Real-Time PCR Analysis

Tissue was dissociated in TRIzol (Life Technologies), and RNA was extracted and converted to cDNA using the High-Capacity cDNA Reverse Transcription Kit (Applied Biosystems). Primer pairs and probes, including their specificity, orientation (forward [F]; reverse [R]), and sequence were as follows: HPRT1 (F-TGGATACAGGCCAGACTTTGTT, R-CAGATTCAACTTGCGCTCATC), IL-10 (F-TTTGAATTCCCTGGGTGAGA, R-AGACACCTTGGTCTTGGAGC), and IL-6 (F-GATGGATGCTACCAAACTGGA, R-TCTGAAGGACTCTGGCTTTG). Quantitative real-time PCR was performed using SYBR Select (Applied Biosystems) on a QuantStudio 6 Flex machine (Applied Biosystems). Results were normalized to HPRT1 expression.

Statistics

The unpaired Student t test was performed. Values of P < 0.05 were considered statistically significant. Area under the curve (AUC) analysis was performed with correction for the starting glucose level.

B-1a Cells Protect Against Glucose Intolerance

To examine the effects of diet-induced obesity on B cells, we fed C57BL/6J mice the NCD (15 kcal% fat) or the HFD (60 kcal% fat) for 9 weeks, which reliably results in obesity-associated IR and glucose intolerance (16). We subsequently compared the frequencies of CD19+ B-cell subpopulations in the PerC, VAT, and spleen and found that the HFD induced a significant increase in the relative percentage of B-2 cells and a reduction in the percentage of B-1a cells in the PerC and VAT but not in the spleen (Fig. 1A). Absolute cell counts of the B-cell subpopulations indicated that the HFD led to a significant increase of B cells in the VAT, particularly B-2 cells (Fig. 1B).

Figure 1

B-1a cells play a protective role against glucose intolerance. A: Frequency of CD19+ B-cell subpopulations in the PerC (left panel), VAT (middle panel), and spleen (right panel) from C57BL/6J mice fed the NCD or HFD for 9 weeks (n = 5, representative of three experiments). B: Absolute cell counts of B-cell subpopulations of mice fed the NCD or HFD (n = 5). Body weights (C), GTT with AUC analysis (D), ITT (E), and fasting insulin levels (F) of HFD Bnull recipients, 1 week after receiving PBS, B-1a, or B-2 cells (n = 5). G: IL-10 concentration in 24-h PerC culture supernatant (n = 5). H: Serum IgM concentration (n = 5). Values are given as mean ± SEM. *P < 0.05; **P < 0.005; ***P < 0.0005.

Figure 1

B-1a cells play a protective role against glucose intolerance. A: Frequency of CD19+ B-cell subpopulations in the PerC (left panel), VAT (middle panel), and spleen (right panel) from C57BL/6J mice fed the NCD or HFD for 9 weeks (n = 5, representative of three experiments). B: Absolute cell counts of B-cell subpopulations of mice fed the NCD or HFD (n = 5). Body weights (C), GTT with AUC analysis (D), ITT (E), and fasting insulin levels (F) of HFD Bnull recipients, 1 week after receiving PBS, B-1a, or B-2 cells (n = 5). G: IL-10 concentration in 24-h PerC culture supernatant (n = 5). H: Serum IgM concentration (n = 5). Values are given as mean ± SEM. *P < 0.05; **P < 0.005; ***P < 0.0005.

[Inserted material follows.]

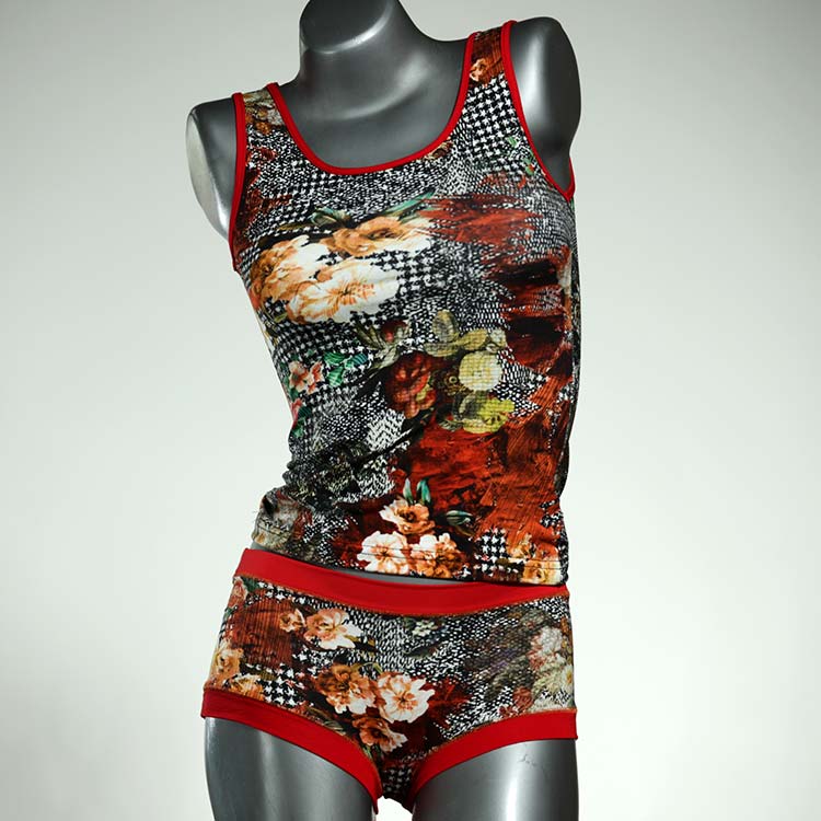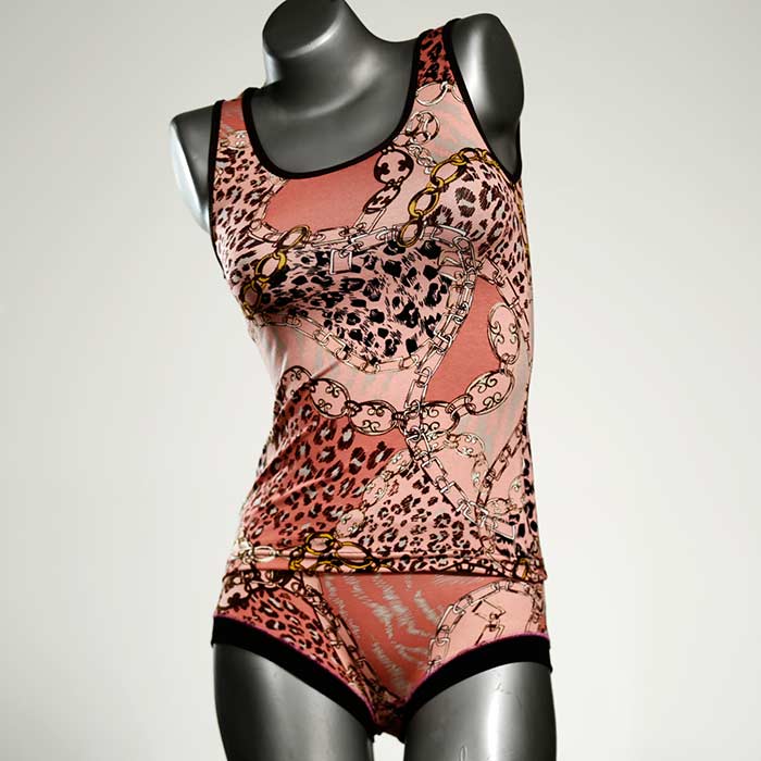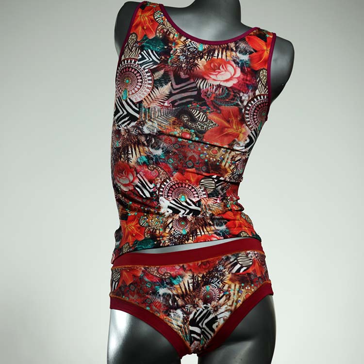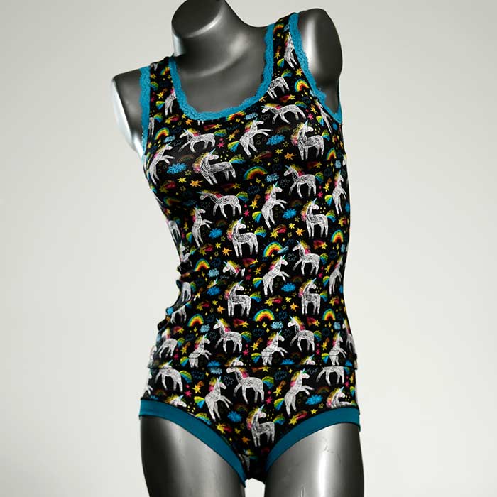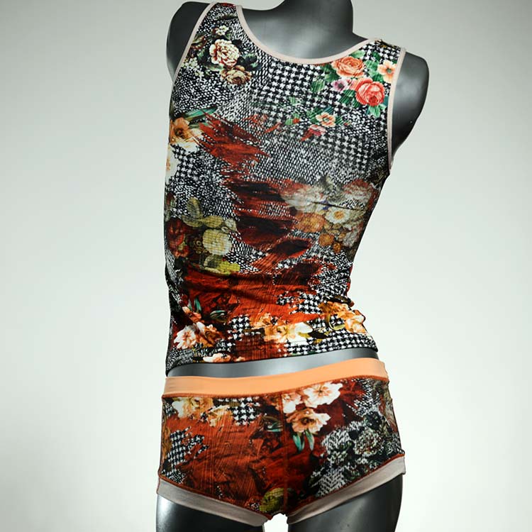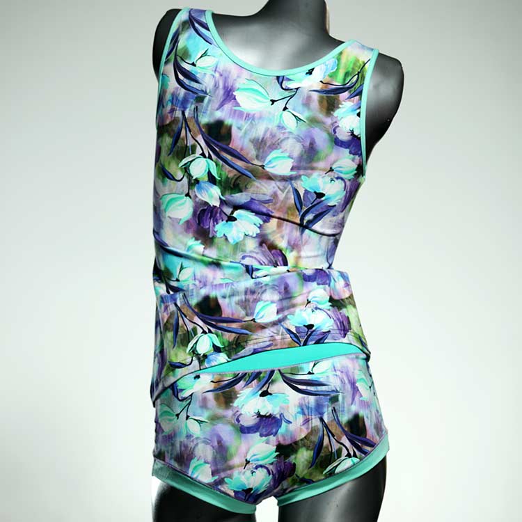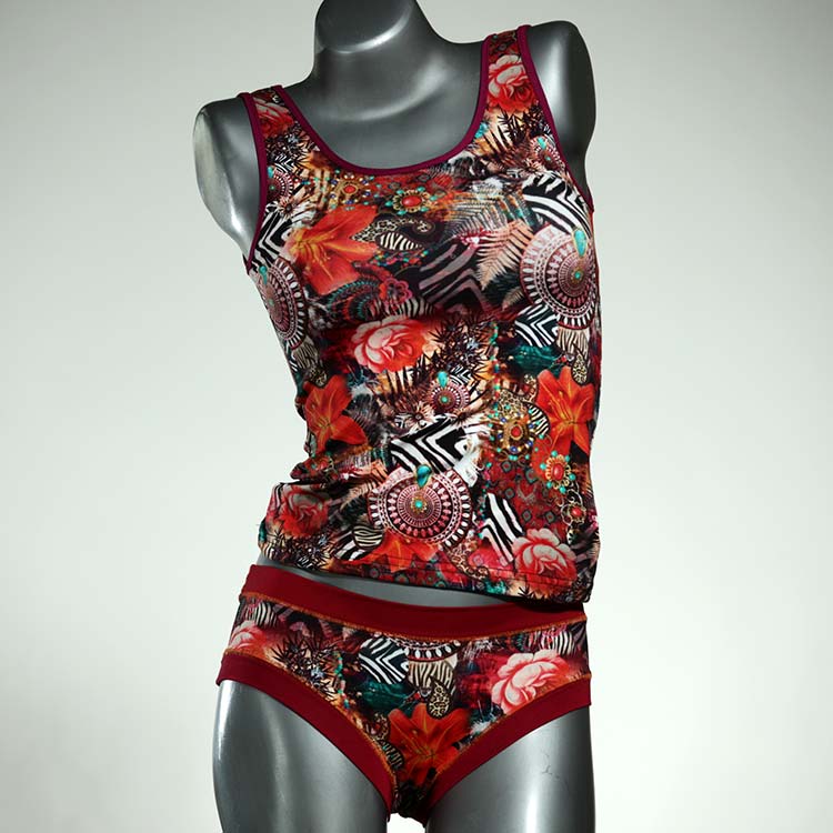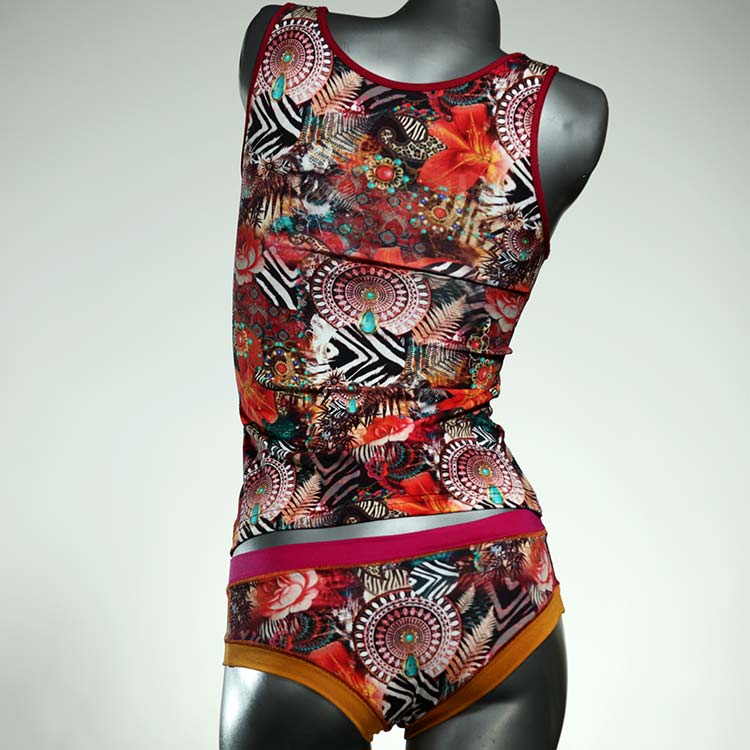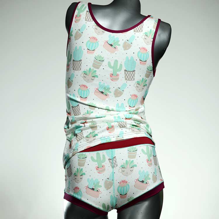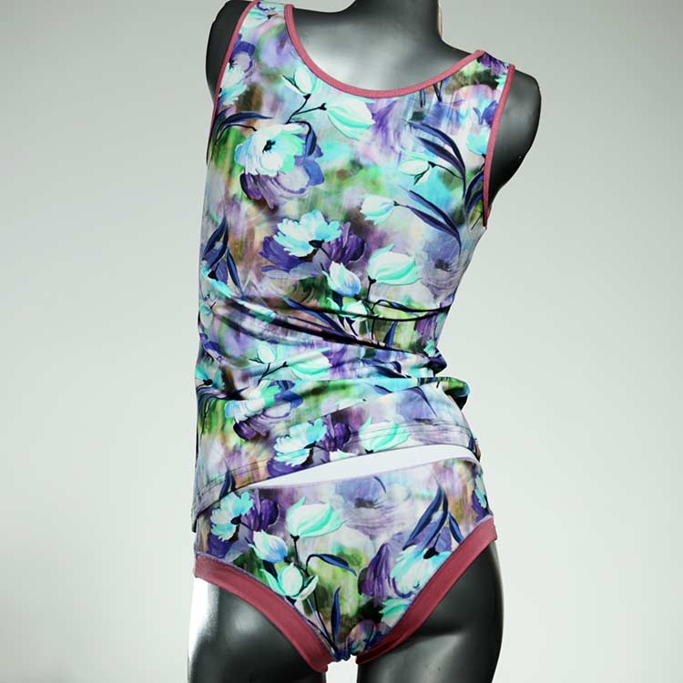 Dieses schöne und bequeme Unterwäsche Ensemble bestehend aus Top und Höschen aus Baumwolle gibt es nur einmal und es wurde in unserem Atelier in Berlin für Sie zugeschnitten, entworfen und genäht. Wir erschaffen täglich neue Unterwäsche-Einzelstücke aus weichen kunterbunten Baumwoll-Jerseys.

To assess the effects of distinct B-cell subsets on glucose intolerance, we sorted B-1a cells from the PerC and B-2 cells from the spleen of HFD mice (Supplementary Fig. 1) and transferred 5 × 106 of one or the other population into 15-week-old HFD Bnull mice by intraperitoneal injection. Control mice received PBS. When we examined the mice 1 week after transfer, there were no differences in weight among all groups (Fig. 1C). Flow cytometry confirmed the presence of B-1a cells in the PerC and the VAT but not the spleen, whereas B-2 cells were present in all three tissues (Supplementary Fig. 2). Consistent with our previous findings (16), B-2 cells worsened glucose intolerance and increased serum fasting insulin compared with controls (Fig. 1D and F). Remarkably, B-1a cell transfer had the opposite effect: B-1a cells induced marked improvement in glucose tolerance, relative improvement in insulin tolerance, and reduced fasting insulin (Fig. 1D–F). These results suggest that B-1a cells protect against glucose intolerance. Given that the half-life of IgM is 2 days (28), detection of serum IgM and also IL-10 in culture supernatants from PerC cells in B-1a recipient mice confirmed that the transferred B-1a cells remained viable and capable of producing IL-10 and IgM in recipients for at least 1 week (Fig. 1G and H).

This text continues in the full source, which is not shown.